Moreover, investing in the well-being of low-wage workers can improve the company's reputation and brand image. A company that is known for treating its workers well is more likely to attract and retain customers and investors who value social responsibility.

Five Ways Real Estate Employers Can Retain Employees Without Large Pay Increases

  1. Provide Flexibility: Real estate employers can offer flexible work arrangements, such as telecommuting or flexible scheduling, to help workers achieve a better work-life balance.

  2. Offer Benefits: Real estate employers can provide benefits such as health insurance, retirement plans, and paid time off to improve the overall well-being of their workers.

  3. Provide Opportunities for Growth: Real estate employers can offer opportunities for career growth and advancement, such as training and development programs, to show workers that their future is valued.

  4. Create a Positive Work Environment: Real estate employers can promote a positive work environment by recognizing and rewarding good work, providing opportunities for collaboration, and promoting a culture of respect.

  5. Listen to Feedback: Real estate employers should actively solicit feedback from their workers and take steps to address any concerns or issues that arise. This can help to build trust and improve the overall working conditions for low-wage workers.

As the real estate industry continues to evolve and integrate AI technologies, it is critical that employers invest in their low-wage workforce to ensure that they are not left behind. By providing training and skills development programs, offering opportunities for growth and advancement, and creating a positive work environment, real estate employers can retain their low-wage workers and help them adapt to the changing technological landscape. Investing in low-wage workers is not only the right thing to do from a moral perspective but also makes good business sense. By retaining employees, companies can save money on recruitment and training costs, improve productivity and quality of work, and enhance their reputation and brand image.

Real estate employers should embrace the opportunities presented by AI technologies while also recognizing the importance of investing in their low-wage workforce. By doing so, they can build a more sustainable and equitable industry that benefits everyone involved.

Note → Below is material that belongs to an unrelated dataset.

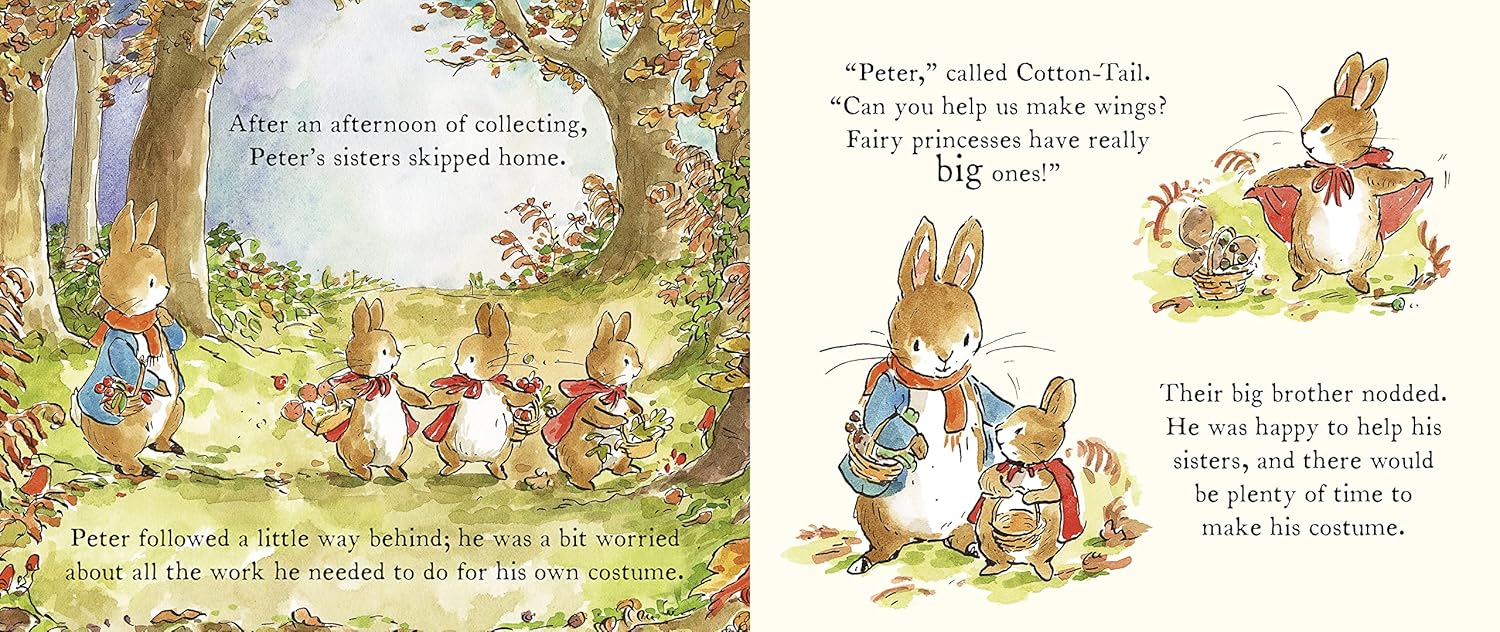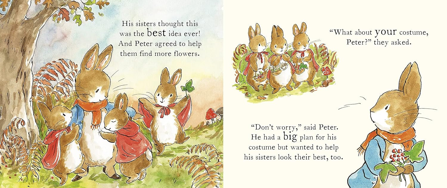Peter Rabbit is so excited to wear his radish costume and show it to all of his friends when they go trick-or-treating. But first, Peter must help his sisters decide what their costume will be--there are so many choices!

BONUS SECTION - 10 Statistics from the Report Here are 10 statistics from "The High Cost of Neglecting Low-Wage Workers" report:

  1. Low-wage workers are the largest and most rapidly growing segment of the U.S. labor force, representing 40% of all workers.

  2. The average hourly wage for low-wage workers is $10.22, well below the national median of $17.09.

  3. Nearly two-thirds of low-wage workers lack any form of formal education beyond high school.

  4. Low-wage workers are more likely to experience job insecurity and are less likely to have access to benefits such as health insurance and paid time off.

  5. Only 14% of low-wage workers receive employer-sponsored training, compared to 34% of all workers.

  6. High levels of job turnover among low-wage workers cost U.S. businesses an estimated $358 billion annually.

  7. The cost of replacing a single low-wage worker can be as high as 16% of their annual salary.

  8. The most common reasons low-wage workers leave their jobs are due to low pay, lack of benefits, and limited opportunities for advancement.

  9. Low-wage workers who receive training are more likely to remain with their employer and see wage increases of up to 20%.

  10. By investing in the well-being and training of low-wage workers, companies can improve productivity, quality of work, and customer satisfaction, ultimately leading to increased profitability.